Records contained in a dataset
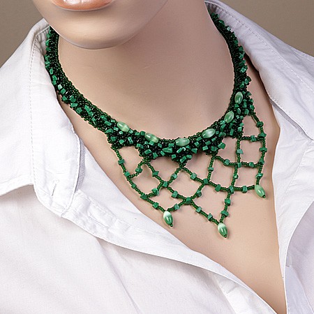 Колье сказочной красоты. Нарядное,скорее даже торжественное. Вечернее украшение. Подойдёт для особых случаев. Украшено бисером и малахитом.
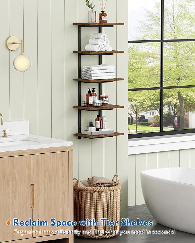 5 Tier Wall Bookshelf Unit for Bedroom Books, Large Floating Book Shelves Wall Mounted, Rustic Wood Lack Tiered Hanging Shelf for Kitchen Office Living Room Corner (Dark Brown)
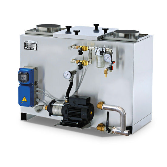 A smoke and soot cleaning system is essential wherever wood or coal is burned to prevent air pollution and fire hazards. It utilizes nature's most important element: water. It filters and cleans the smoke and soot particles produced during combustion, all while reducing consumption thanks to the integrated recycling system. Features include a housing made of AISI 316L stainless steel, a recycling scrubber with a motor-driven pump, a spray unit with nine conical stainless steel nozzles, an electrical resin feed panel with pump protection (resistant to high temperatures, over 250°C), a water level warning light, and a 40 mm stainless steel drain pipe for sewage connection. An operating and maintenance manual with CE certification is included.
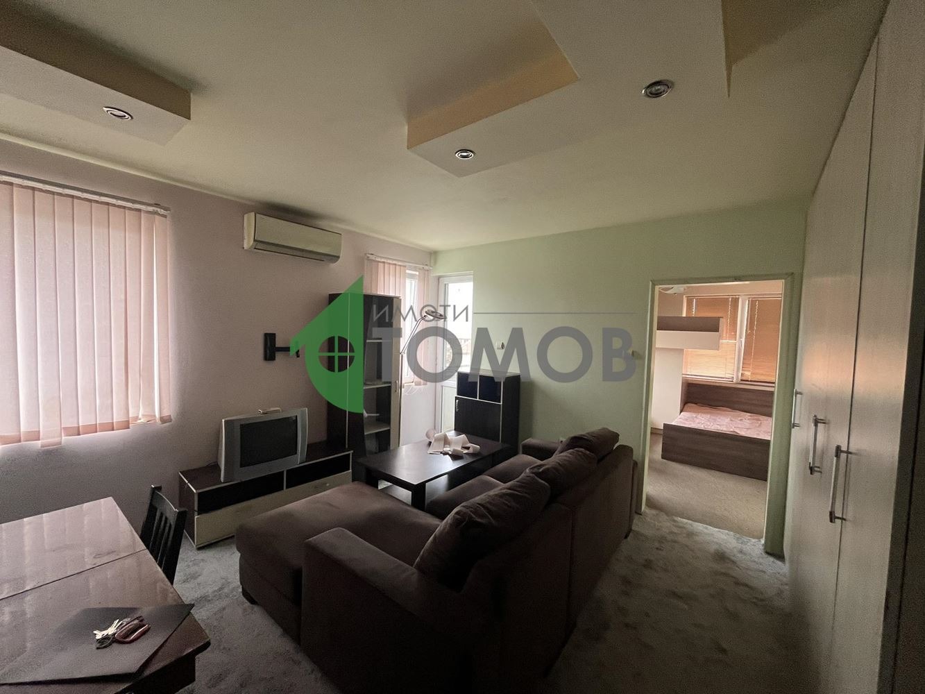 Имоти Томов представя на Вашето внимание двустаен тухлен апартамент под наем в кв. Добруджански. Имотът се състои от:
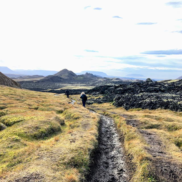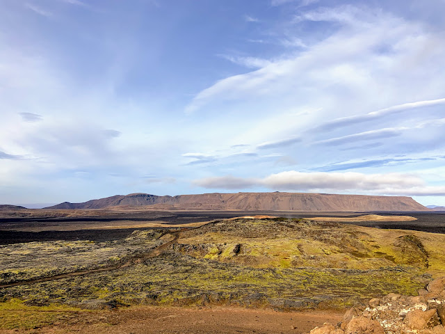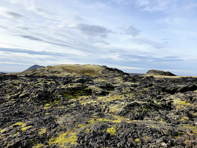 今天第一個健行是【Leirhnjukur火山】,這是冰島北部我最喜歡的景點,黑色熔岩、黃色硫磺、綠色苔癬交織的地形,我從來沒有看過這種景觀,非常特別,有種末日的美。
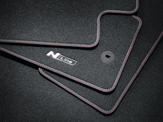 Додайте гарне, але міцне покриття для підлоги вашого автомобіля з високоякісного велюру. Зроблені на замовлення килимки мають логотип N Line у передньому ряду та фіксуються за допомогою точок кріплення та протиковзкої підкладки. Набір з 4 шт.
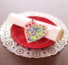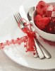 Place two clean  plates on both sides of the table and set one foil-wrapped heart candy on each plate. Tie the napkins with ribbons and place them on sides of the plates.
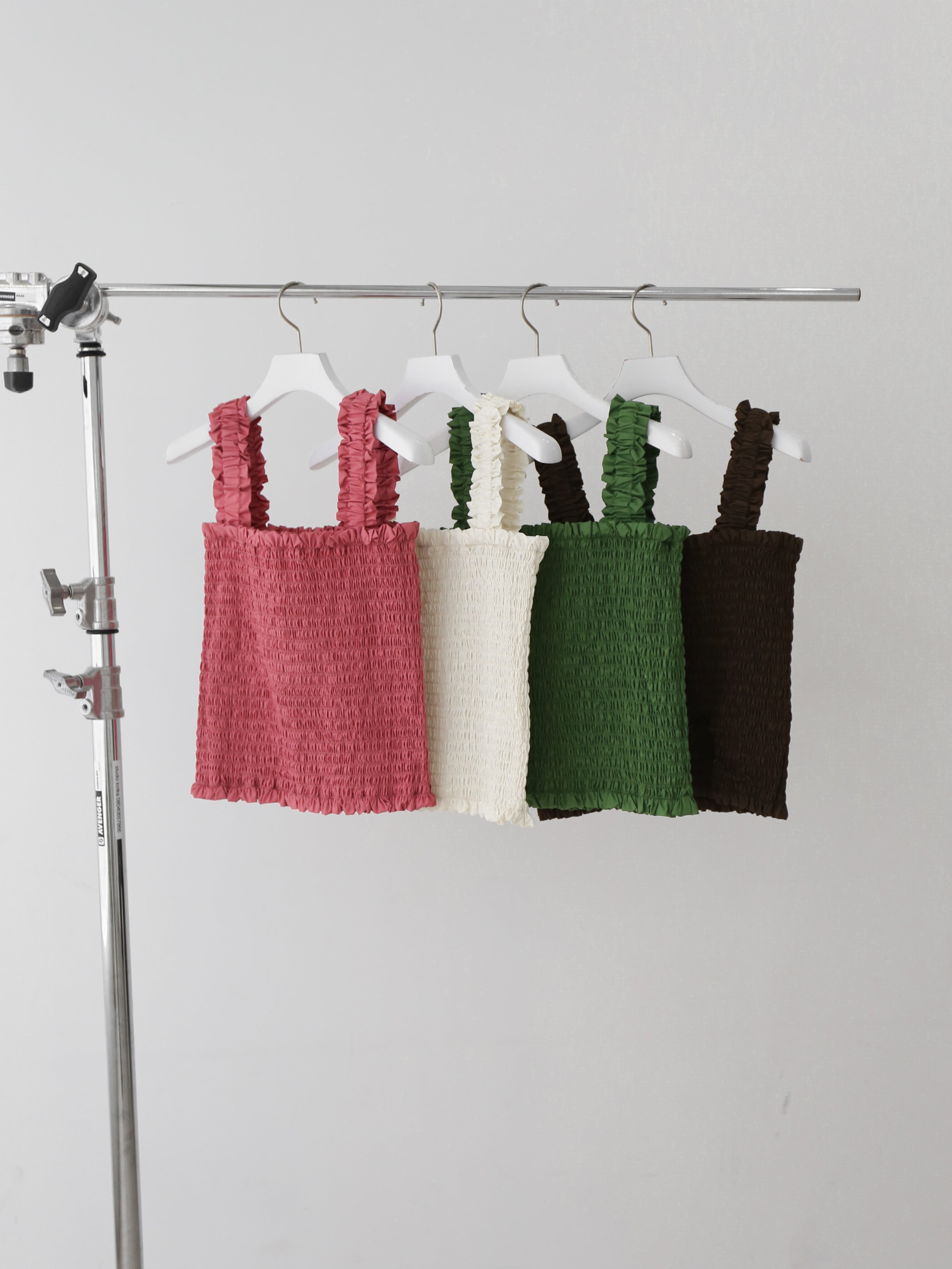 ・white:王道にして万能。夏の白トップスは定番だけど、シャーリングが入ることでグッと新鮮な表情に。シンプル派の方にぜひ手に取ってほしい一着。
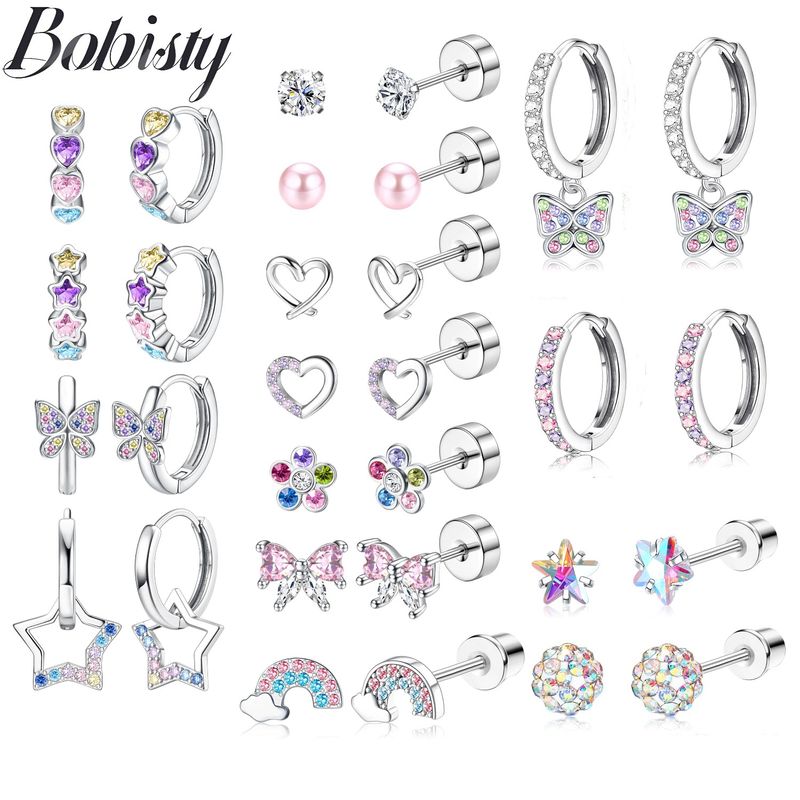 Bobisty 1 Pair Hypoallergenic Screw Back Stud Earrings For Women Surgical Steel Hoop CZ Butterfly Star Dangle Earrings Set 20G
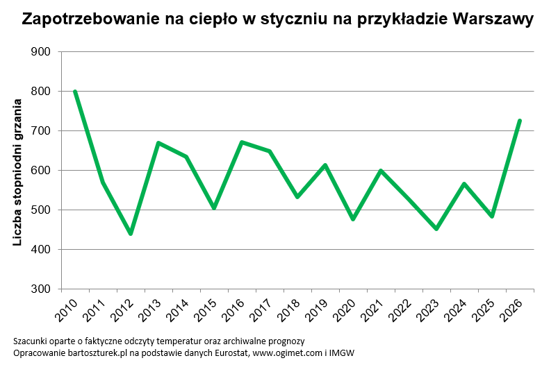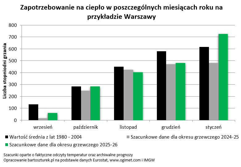 Korzystając z tej metodologii można obliczyć, że od początku września (tradycyjnie uważanego za początek okresu grzewczego) do końca stycznia 2026 r., łączna liczba stopniodni wyniosła w Warszawie około 1960. W poprzednim sezonie grzewczym było to około 1640 stopniodni. Ostatnie sezony grzewcze obchodziły się jednak z nami dość łagodnie. Warto więc przypomnieć, że w latach 1980-2004 w okresie od września do stycznia musielibyśmy standardowo mocniej niż w bieżącym sezonie grzewczym „dorzucić do pieca”. Przeciętne zapotrzebowanie na ciepło we wspomnianych latach było bowiem o kilka procent wyższe niż w bieżącym sezonie.
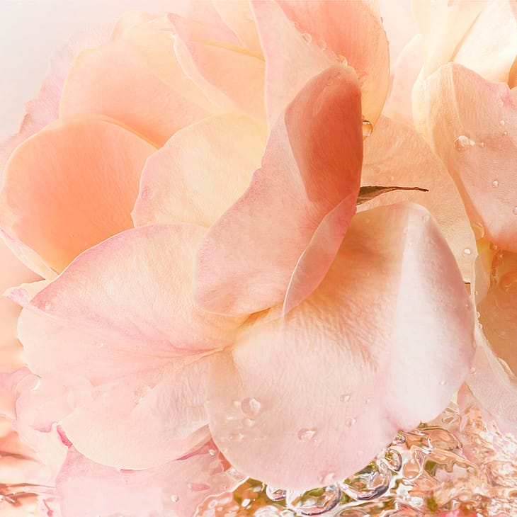 Blomstrende roser er fremhævet og bliver genfortolket for at frembringe friskhed og vitalitet, hvilket skaber et blændende blomsterboost.
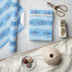 Denna gulliga beställnings- gåvasjal har en rolig undersea djur design med en gullig tecknadhaj. Det är blått och lilan och grinar med stora tänder och att dregla. Bakgrunden av det slående in papperet är vinkar skuggar in av blått.
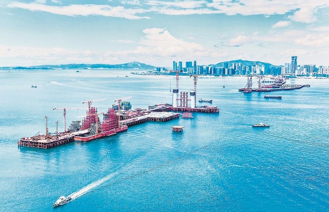 清晨,刘五店海域的朝阳映照在178米高的塔吊上,工人在30米高空挥动焊枪;地下28米处,“厦金号”盾构机操作员紧盯屏幕,隧道壁上的环片在液压推进中严丝合缝;巡逻艇穿梭于墩台运输船间……
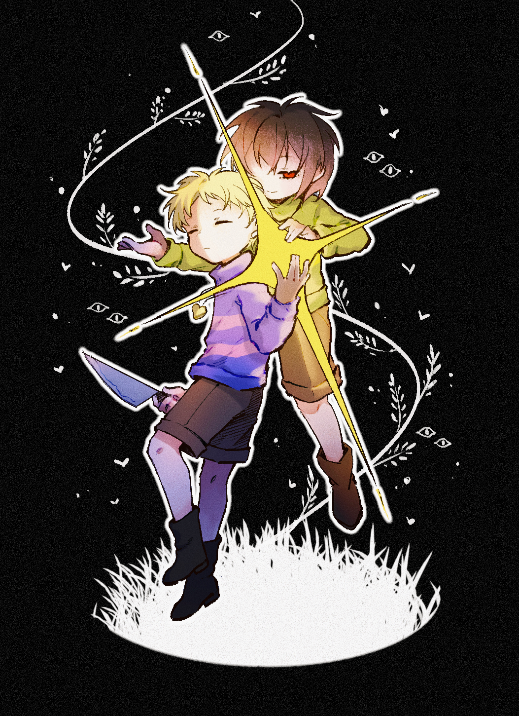 2boys atou_haruki black_boots black_shorts blonde_hair boots brown_boots brown_hair brown_shorts chara_(undertale) chara_(undertale)_(cosplay) chinese_commentary closed_eyes closed_mouth commentary_request cosplay film_grain frisk_(undertale) frisk_(undertale)_(cosplay) green_sweater heart heart_necklace highres holding holding_knife jewelry knife male_focus multicolored_hair multiple_boys necklace origin_alpha outline pink_hair purple_sweater red_eyes saibou_shinkyoku short_hair shorts simian_qiao_gu smile sparkle sweater turtleneck turtleneck_sweater undertale utdr_(toby_fox) white_outline
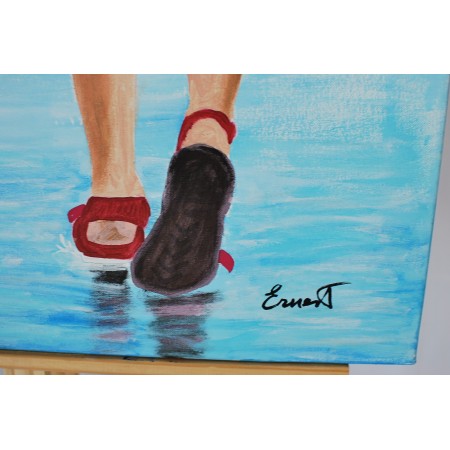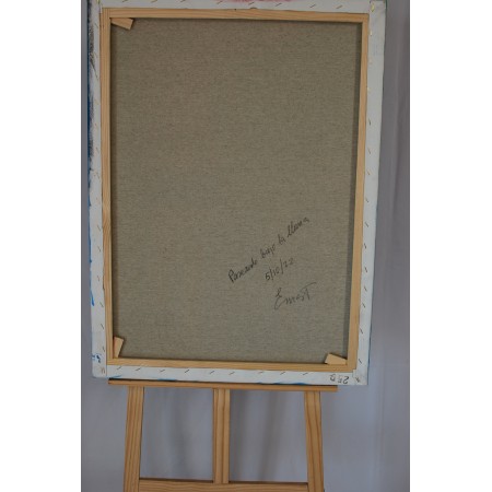 Lienzo extendido sobre marco de madera, pintado a mano con tecnicas acrílicas de medidas 73 x...
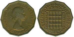 ![]() | 3 Pence KM# 886 | 1953 | nickel-brass | Unc | Crowned Portcullis. In a set MS101 |

## EXERCISE INSTRUCTIONS
Look back at the data above, then output exactly the lines from the line holding "Имоти Томов представя" up to and including the line holding "Додайте гарне, але". Leave out the pictures.

## FINAL ANSWER
 Имоти Томов представя на Вашето внимание двустаен тухлен апартамент под наем в кв. Добруджански. Имотът се състои от:
 今天第一個健行是【Leirhnjukur火山】,這是冰島北部我最喜歡的景點,黑色熔岩、黃色硫磺、綠色苔癬交織的地形,我從來沒有看過這種景觀,非常特別,有種末日的美。
 Додайте гарне, але міцне покриття для підлоги вашого автомобіля з високоякісного велюру. Зроблені на замовлення килимки мають логотип N Line у передньому ряду та фіксуються за допомогою точок кріплення та протиковзкої підкладки. Набір з 4 шт.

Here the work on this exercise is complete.